The answer to too much credit is when the market makes us all cool it for a while by restricting access to credit. This "retraction" is neither good or bad. Almost every situation has two sides, economically. But, again, we are committed to the ideal that we should always be "expanding" economically, with more and more money being borrowed and spent, world without end amen.

Again, there are two sides to this. If credit (and the money supply overall) would contract for awhile, then our economy would recover as quickly as it could (though it would still be painful for a lot of people for a while, but welcome to life, and I personally am feeling it badly myself so please no insinuations that I'm some fatcat heartless capitalist, or whatever). It would recover as credit resources were slowly rebuilt and invested carefully in only the most promising projects.

We have over-borrowed and over-spent as a whole country. Many of the things people have been borrowing and lending money for have now proven to be economically unviable. The quickest and best response to this is simply to let those misallocated funds be liquidated, as they eventually must. You cannot just keep borrowing and spending. The money has to come from somewhere, and if the government just starts kicking money in to hold up the teetering lenders (who are, yes, holding up teetering borrowers) then all you're really doing is devaluing the money in the system and increasing the hardship all the more.

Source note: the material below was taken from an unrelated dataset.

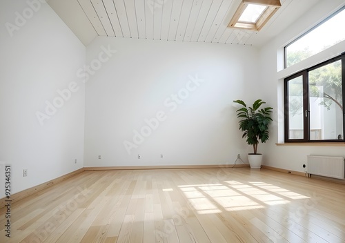 Bright and Airy Empty Room with Wooden Flooring and Skylight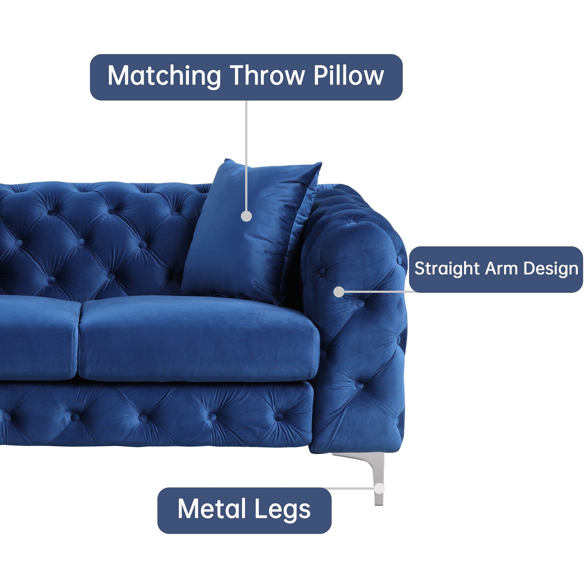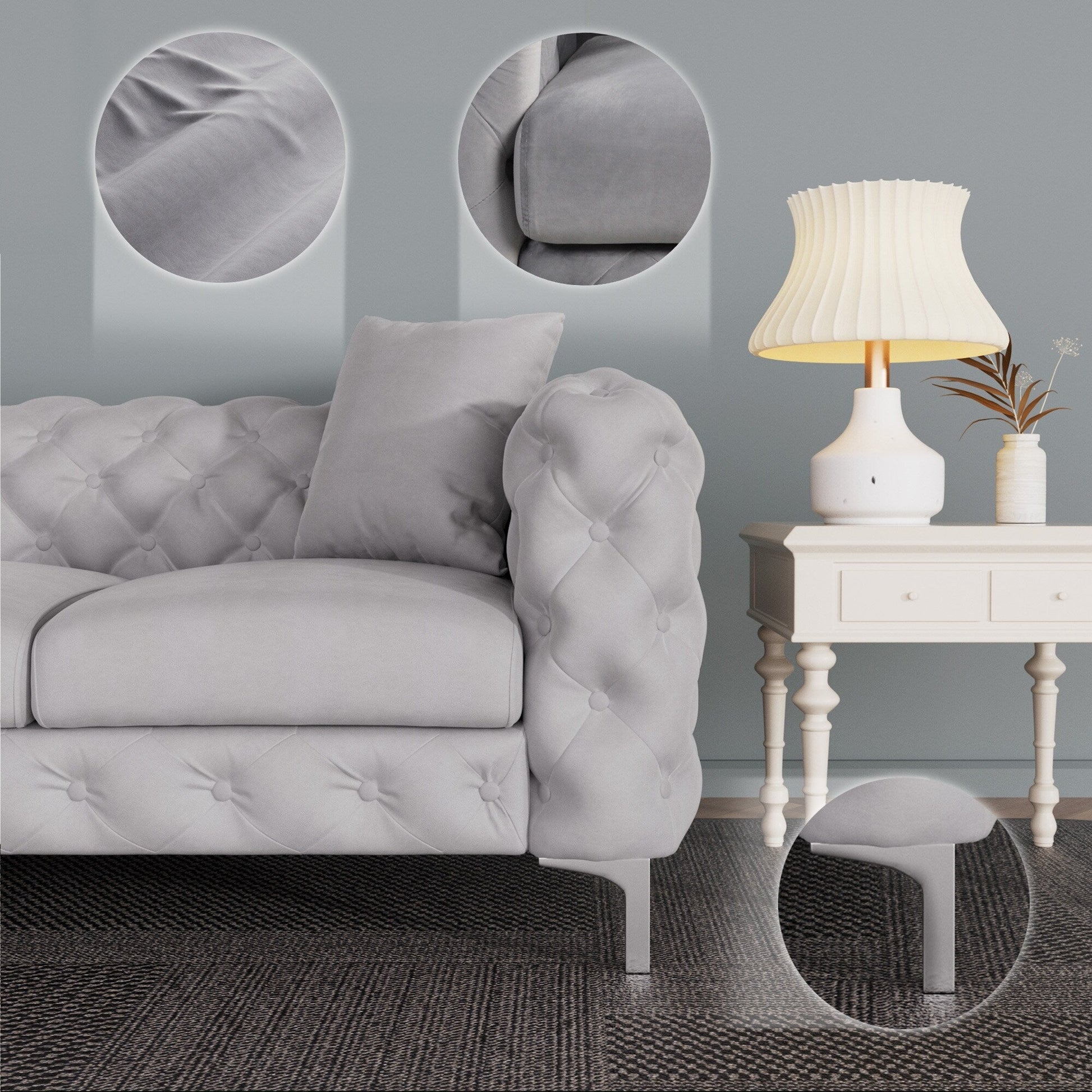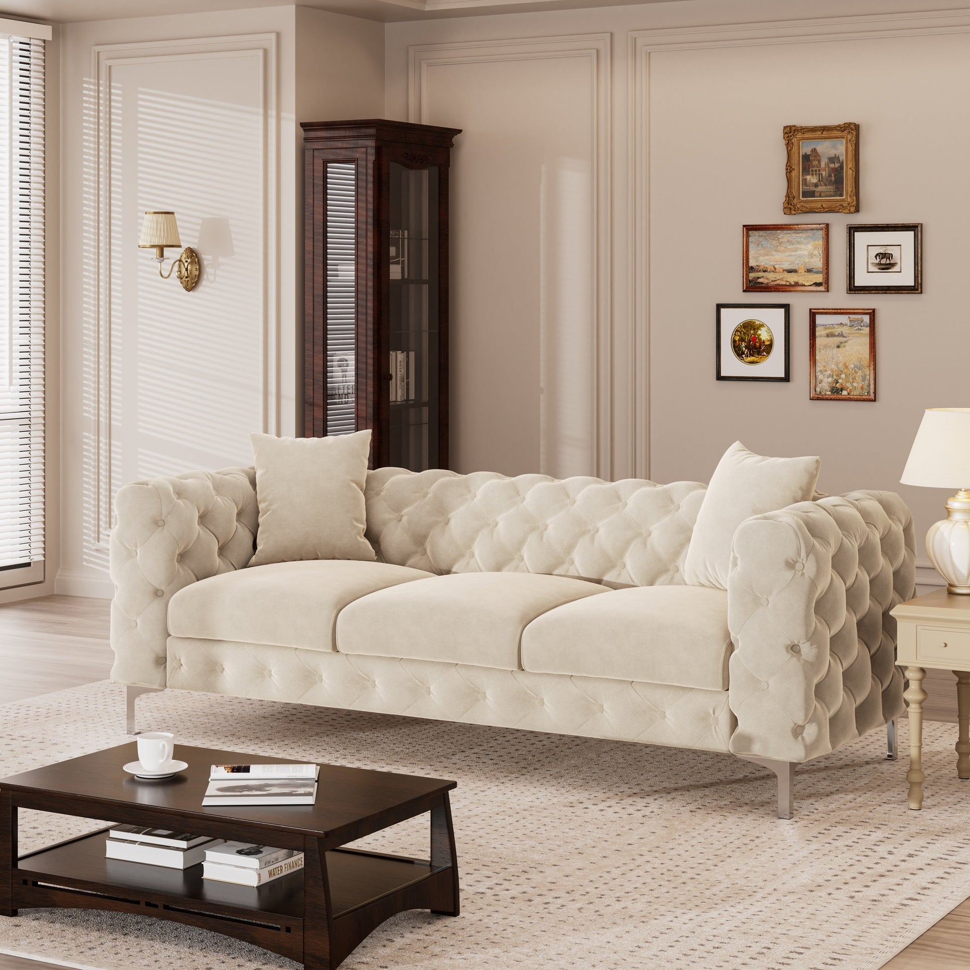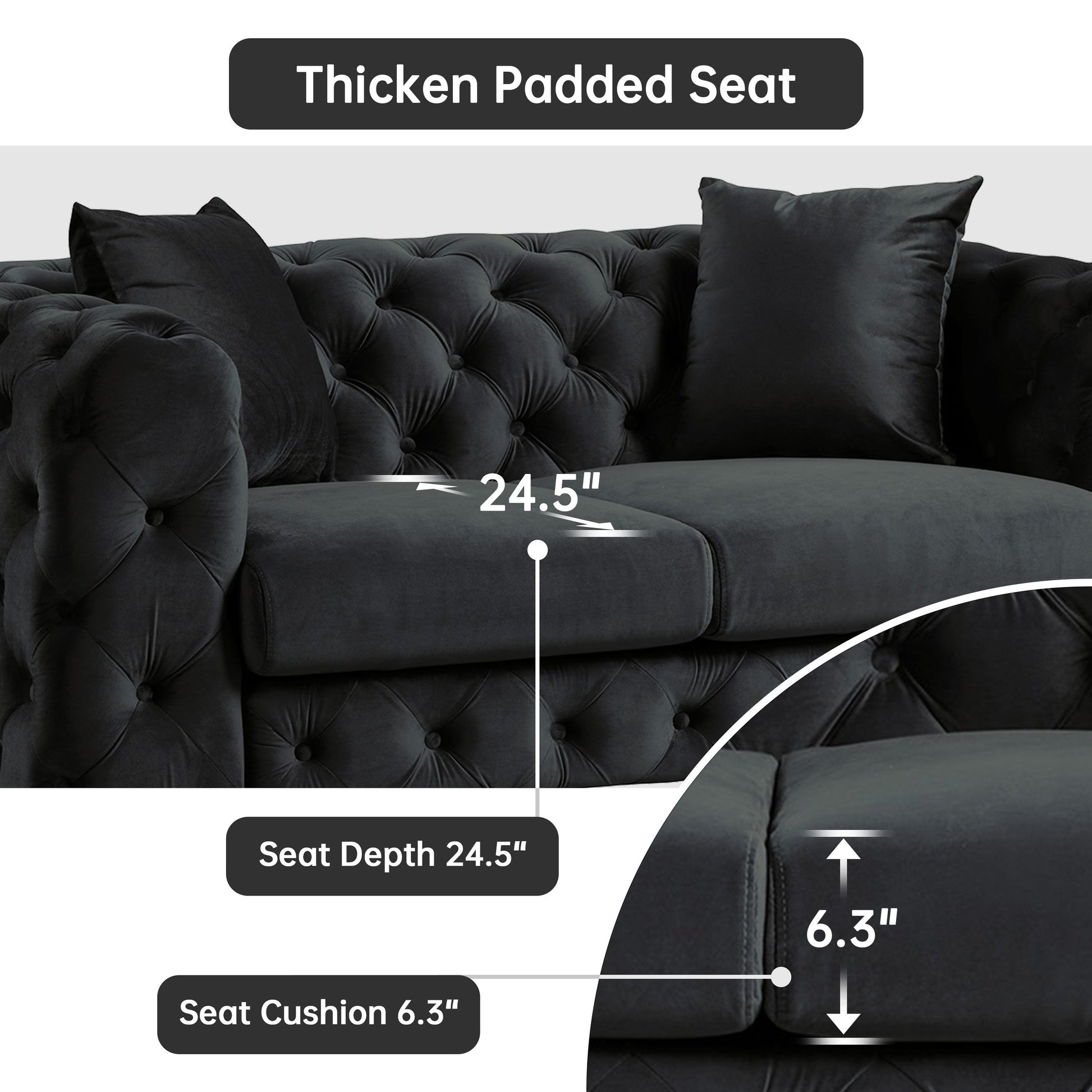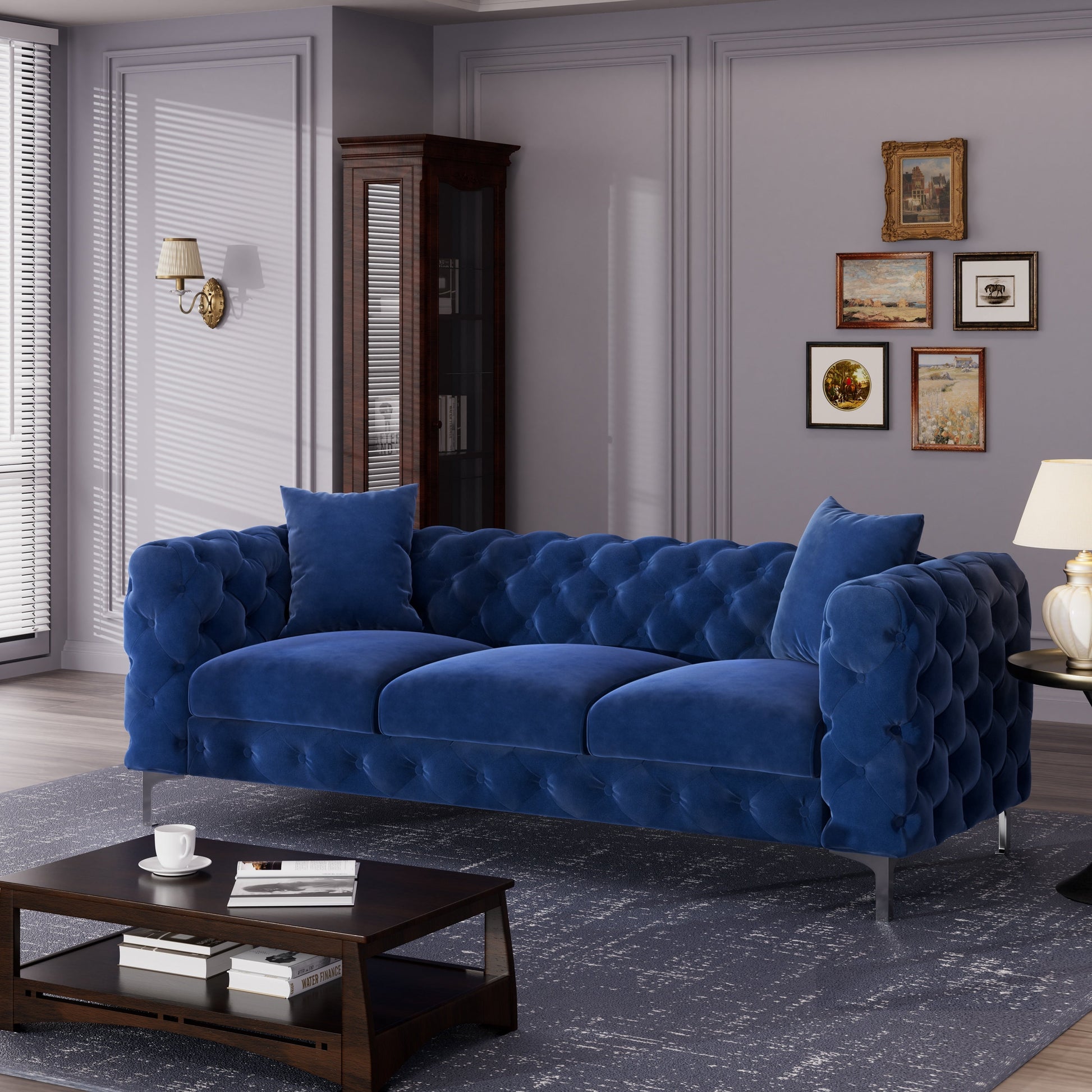 Canapé moderne en velours Morden Fort avec capitonnage à boutons, cadre en bois massif et pieds en fer

Instead, we are trying to tell people that the dream of eternal credit can keep on happening. You don't have to wake up yet. Maybe not (IF this bill even does what it is supposedly able to do), but we will have to wake up one day. The window is open (bending meatphors!), the cold air is in our lungs, and our throat just gets scratchier the longer we sleep. The longer we wait to "adjust" for our earlier wild borrowing, the more it's going to hurt. But let's put it off to another day. The democratic way!

But, hey, the politicians "did something." So aren't they wonderful? And the prez candidates (esp. Obama, who is going to win) can act like they have helped lead the nation in this troubling time, and let the later fallout be worried about another day (welcome to democracy; the rewards go to candidates who can make themselves LOOK good for the current election cycle only).

Meanwhile, McCain was handed a gift of a wildly unpopular bill that most Americans opposed (even if some of their opposition was based on misunderstanding). Obama went right along with it, but he has no choice as a Democrat with economic advisors who presided over much of the mess in the first place. McCain also would have to distance himself from some of his circle, but he could do it less painfully, and he would be playing up to the conservative/libertarian base in doing so. There were a lot of potential votes on the table this week for McCain, as all he had to do was take the lead in OPPOSING this legislation (no matter what his personal beliefs on it actually are), and instead he just left them there.

Of course, this is not a mystery. McCain, like almost all politicians, wants to RULE. He has ambitions, here. He doesn't want to win power over a country that he's then not allowed to control. Econoimc non-interventionism and "we have to take our lumps, but it's the best way long-term" kind of thinking would weaken the vision of the presidency that he aspires to in the first place. He wants to be a great leader, shrouded in glory, looked to to solve all problems. Like all politicians who have come before him.

So, he supports the bailout. The sky will fall, ah!!!!! We are all gonna die!!!!! Oh, thank goodness, it passed. I'm sooo relieved. Now Obama can go back to kicking your butt, McCain. Lot of good that did ya, huh?